▶ _WORK REQUIRED_:
Look below for the line that has "Stig Lindberg, Gustavsberg."; output exactly from it through the line that has "사람을 찾고 계신다.", and leave the pictures out.

▶ _EXERCISE MATERIALS_:
==========

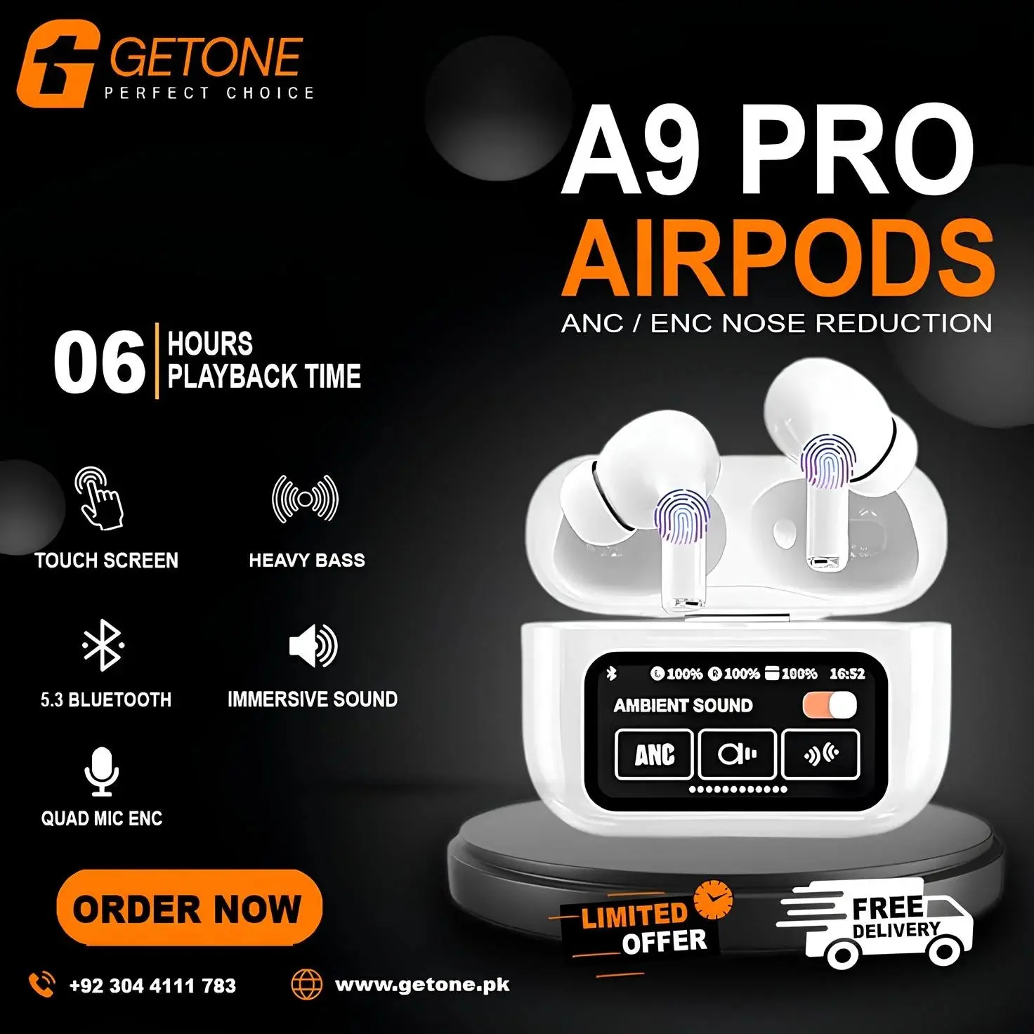 Meet SmartSound In-Ear Headphones, the perfect blend of premium sound quality, smart technology, and long-lasting comfort. A9 Pro Airpods designed for music lovers, gamers, and busy professionals, these wireless earbuds offer 360° surround sound, active noise cancellation, and a full-color LED display for effortless control—all in a stylish, pocket-friendly case.
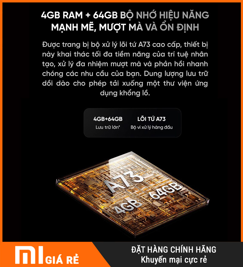 | Xử lý & Lưu trữ | CPU | Lõi tứ Cortex A73 |
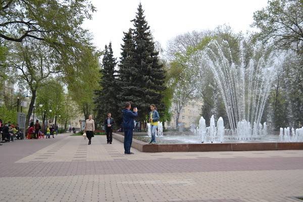 Первым пунктом праздничной первомайской программы значилось открытие фонтана в Кольцовском сквере. К десяти утра к водоёму подгребли немногочисленные фотокорреспонденты. К примеру, мой коллега Виктор пришёл, чтобы сделать несколько снимков открытия фонтанного сезона.
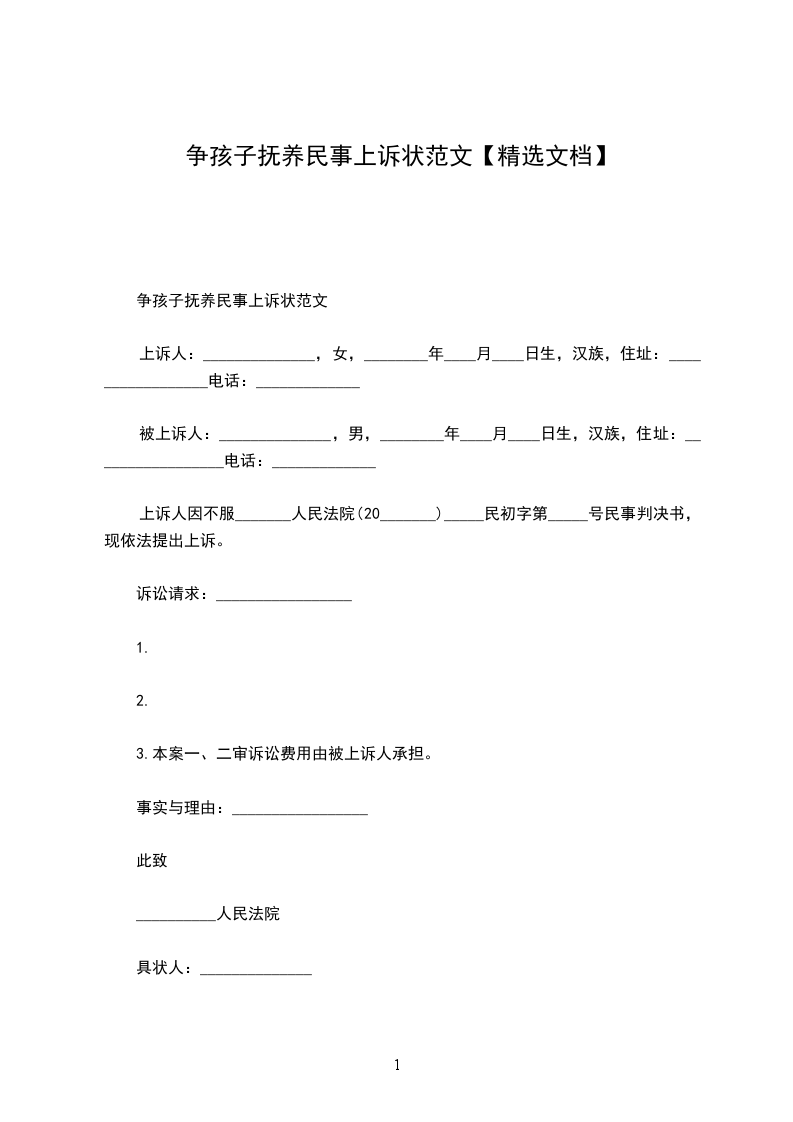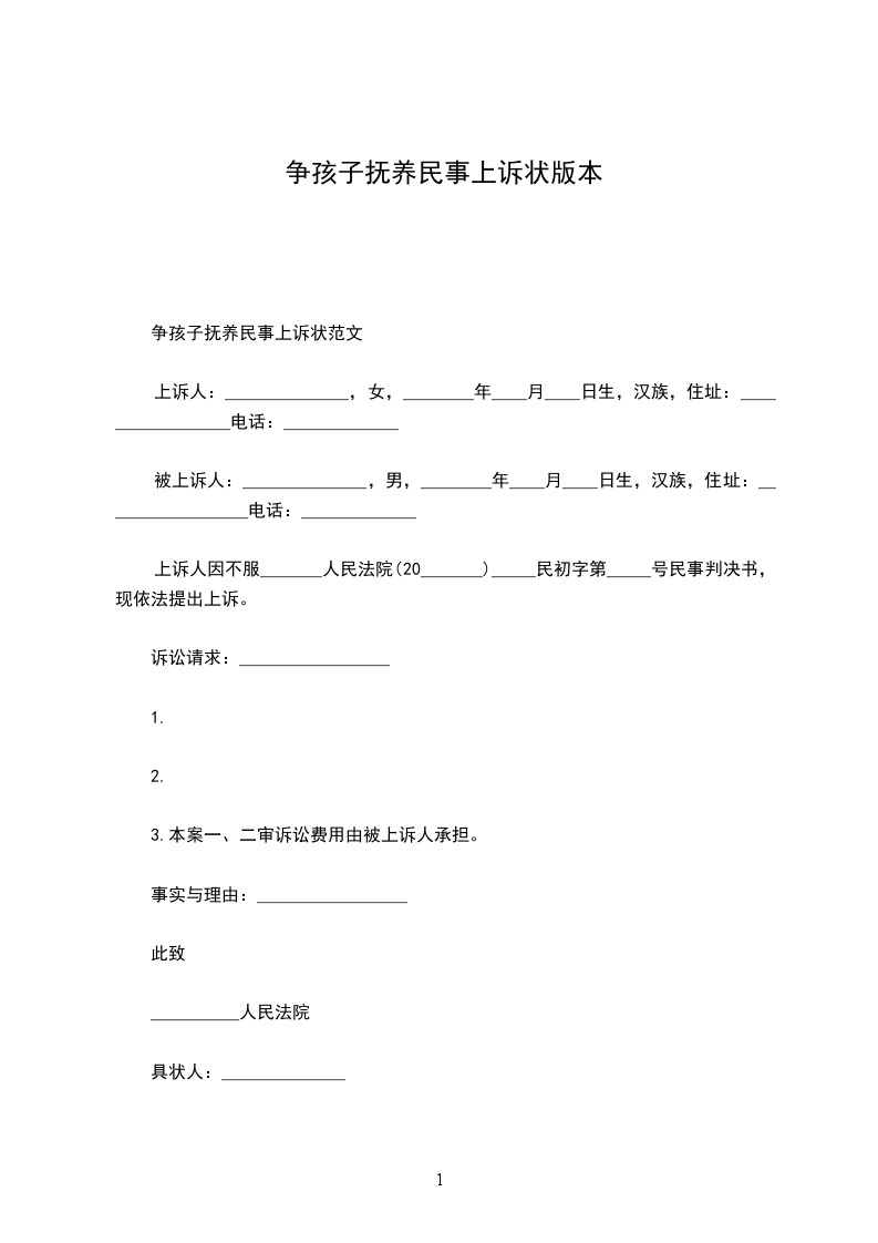争孩子抚养民事上诉状
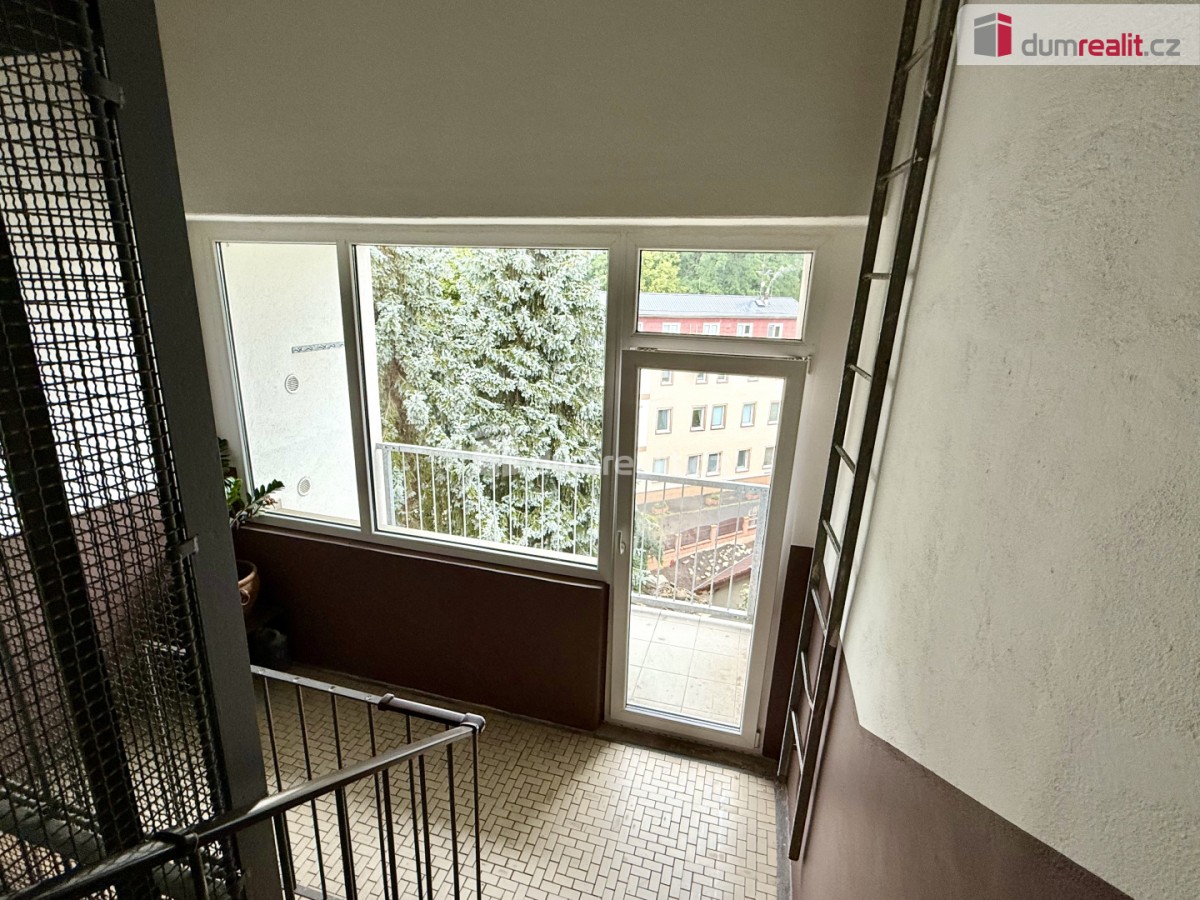Uzamykatelný balkón v mezipatře. K dispozici sklepní kóje.
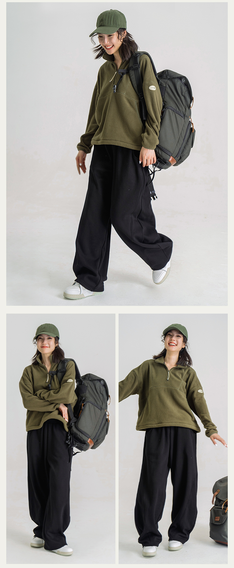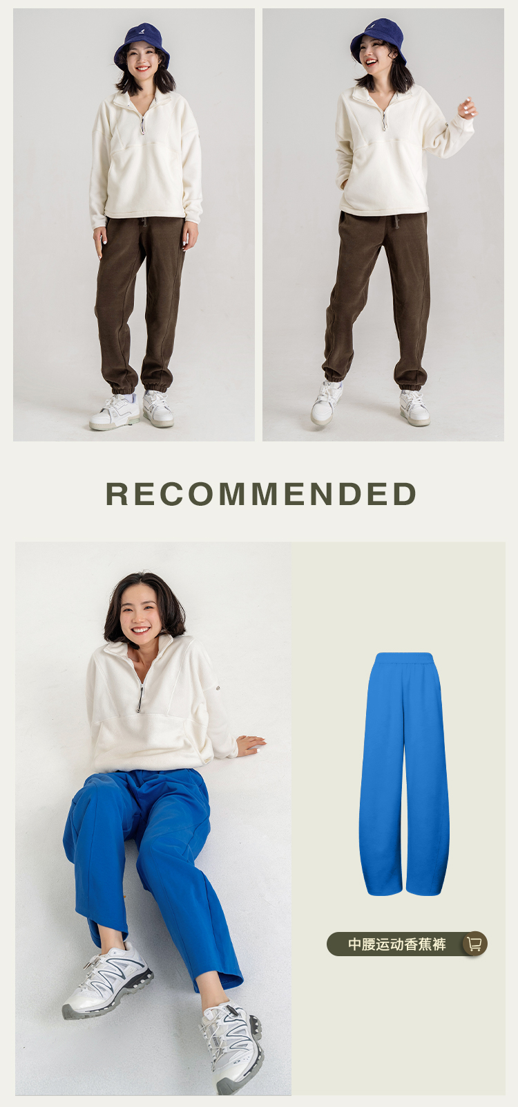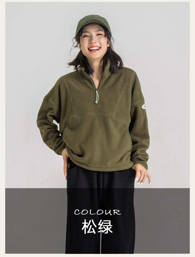 【羊羔绒】摇粒绒宽松套头卫衣 宽松显瘦半拉链外套 可立领可翻领上衣
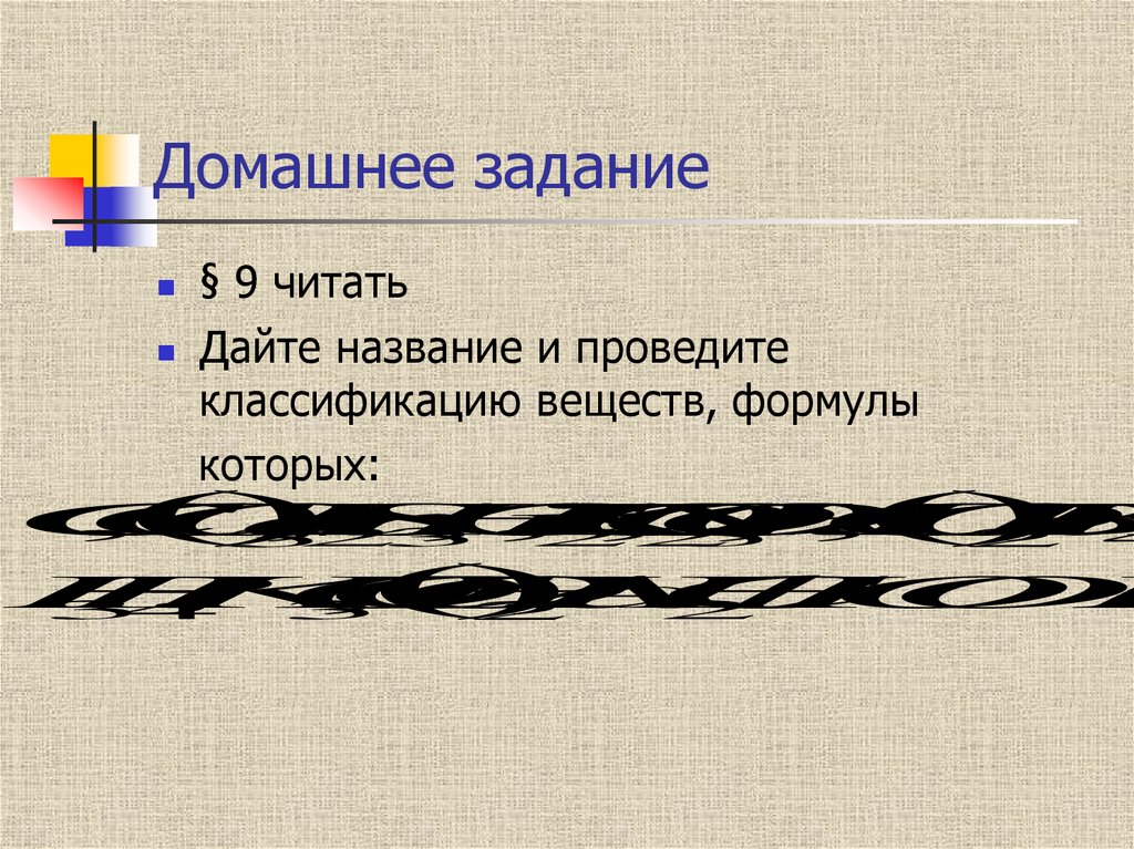 классификацию веществ, формулы
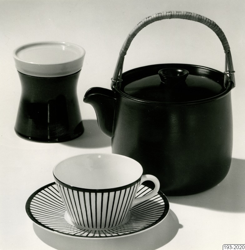 Bilden föreställer "Spisa-terma" teburk (med tättslutande lock flintporslin) tekanna (i terma flameldfast) kopp (i Spisa-Ribb benporslin) Komp: Stig Lindberg, Gustavsberg.
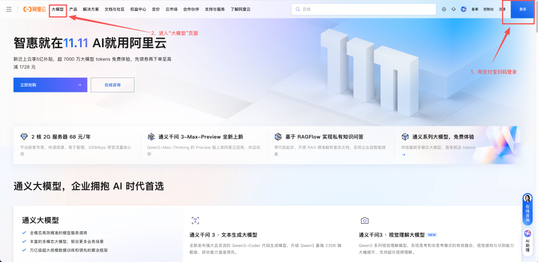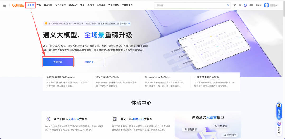 登录后,在页面左上角找到【大模型】选项,点击进入。
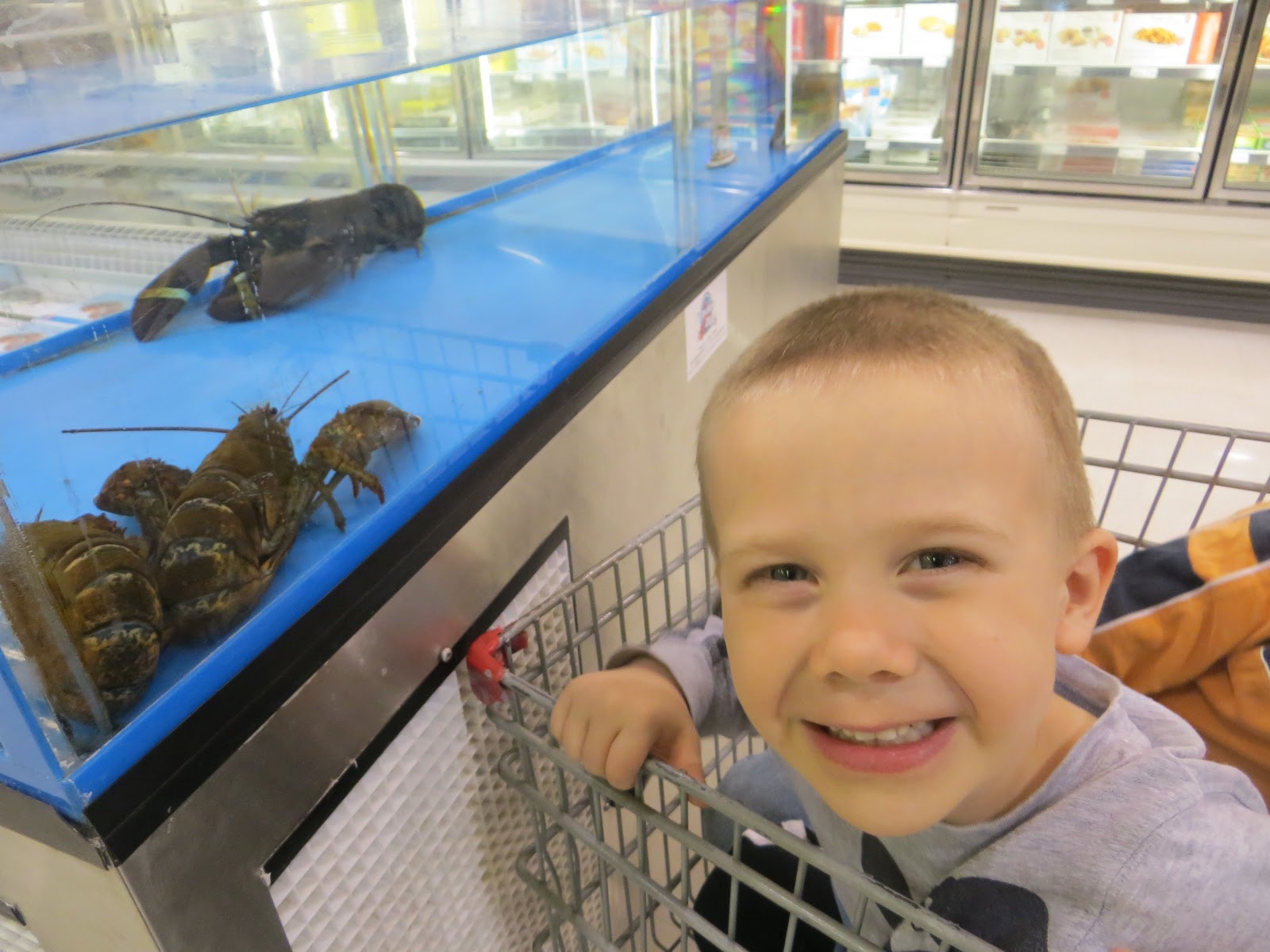 In an effort to do something special with each of the kids during the week, I started taking Athanasius to the grocery store with me. He loves the one on one time and we discovered something special next to the meat section. Lobsters!
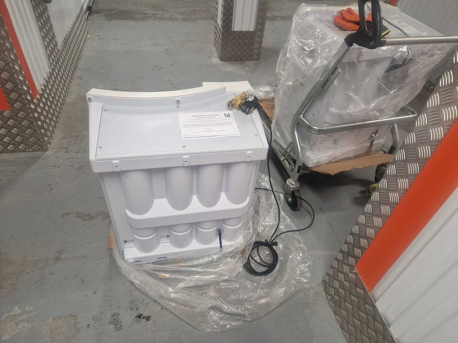 Purificateur d'eau à osmose inversée professionnel, nouveau, jamais servi, certificat de conformité. Millipore Rios 200: débit de 200 litres/heure numéro de série F7NA63324 B, F7N63324 C Merk: Merck Millipore Leveringsvoorwaarden: Per koerier
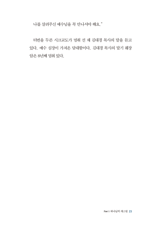 ‘부흥은 생명이 살아나는 것이다!’ 성령 하나님이 마음에 감동을 주신다. 하나님은 시대를 세우기 위해 매 순간 사람을 캐스팅하신다. 하나님은 사랑하는 자녀들을 위해 한순간도 허비하지 않으신다. 81억 인류 중에 반드시 오늘 성령 하나님에게 반응하는 단 한 사람을 찾고 계신다.
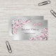 QR Code | Cherry Blossoms Pink Silver Business Card
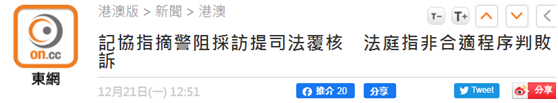 【環球網報道 記者 尹豔輝】據香港“東網”12月21日報道,香港記者協會此前曾污衊警方在過去近一年來多次阻礙記者採訪及對記者使用暴力,去年向香港高等法院申請司法複核。高院法官周家明今日(21日)頒佈判詞,裁定記協敗訴。
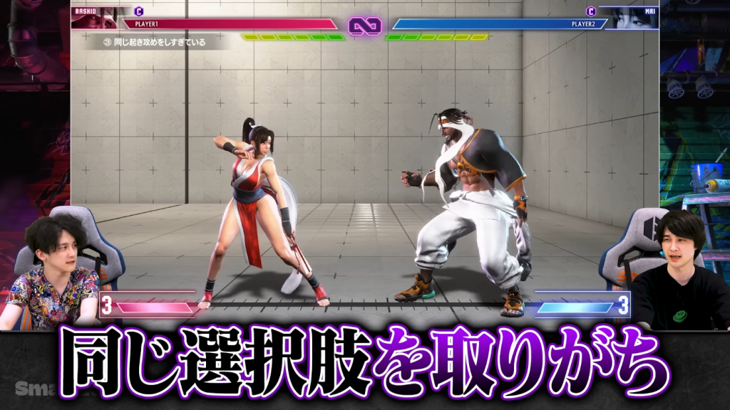 一方で、守りに偏りすぎてしまう傾向についても鋭く指摘されています。相手が何もしてこない時に自分もやることがなくなってしまうプレイヤーは、自キャラの根幹となる強力な攻めの起点を用意し、相手に何らかの対応を強制させる動きを取り入れるべき。全対応は不可能であることを受け入れ、自分だけが難しい対応を狙うのではなく、相手にも難しい判断を迫るという考え方が上達には欠かせません。
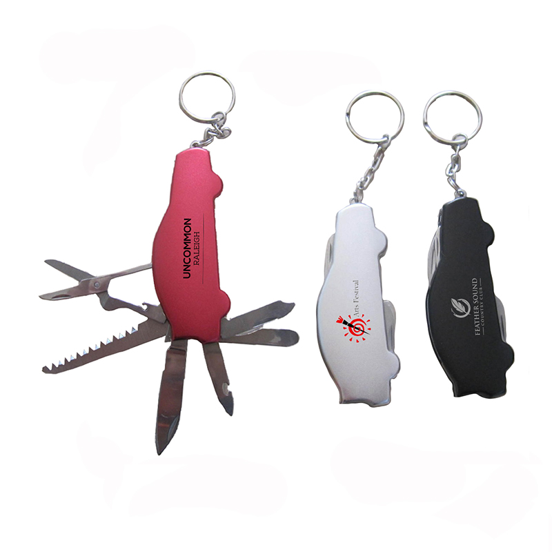 Multi-functional tool w/ key ring comes with a knife, scissors, bottle opener, wood saw, bag needle, nail file, key chain. Very high quality, modern, durable, comfortable and inexpensive. It's convenient to store and easy to clean up. Allow this useful tool to get you the attention you deserve! It is a perfect giveaway gift for company promotion. Custome Logo is available.

==========

▶ _TASK RESPONSE_:
 Bilden föreställer "Spisa-terma" teburk (med tättslutande lock flintporslin) tekanna (i terma flameldfast) kopp (i Spisa-Ribb benporslin) Komp: Stig Lindberg, Gustavsberg.
 登录后,在页面左上角找到【大模型】选项,点击进入。
 In an effort to do something special with each of the kids during the week, I started taking Athanasius to the grocery store with me. He loves the one on one time and we discovered something special next to the meat section. Lobsters!
 Purificateur d'eau à osmose inversée professionnel, nouveau, jamais servi, certificat de conformité. Millipore Rios 200: débit de 200 litres/heure numéro de série F7NA63324 B, F7N63324 C Merk: Merck Millipore Leveringsvoorwaarden: Per koerier
 ‘부흥은 생명이 살아나는 것이다!’ 성령 하나님이 마음에 감동을 주신다. 하나님은 시대를 세우기 위해 매 순간 사람을 캐스팅하신다. 하나님은 사랑하는 자녀들을 위해 한순간도 허비하지 않으신다. 81억 인류 중에 반드시 오늘 성령 하나님에게 반응하는 단 한 사람을 찾고 계신다.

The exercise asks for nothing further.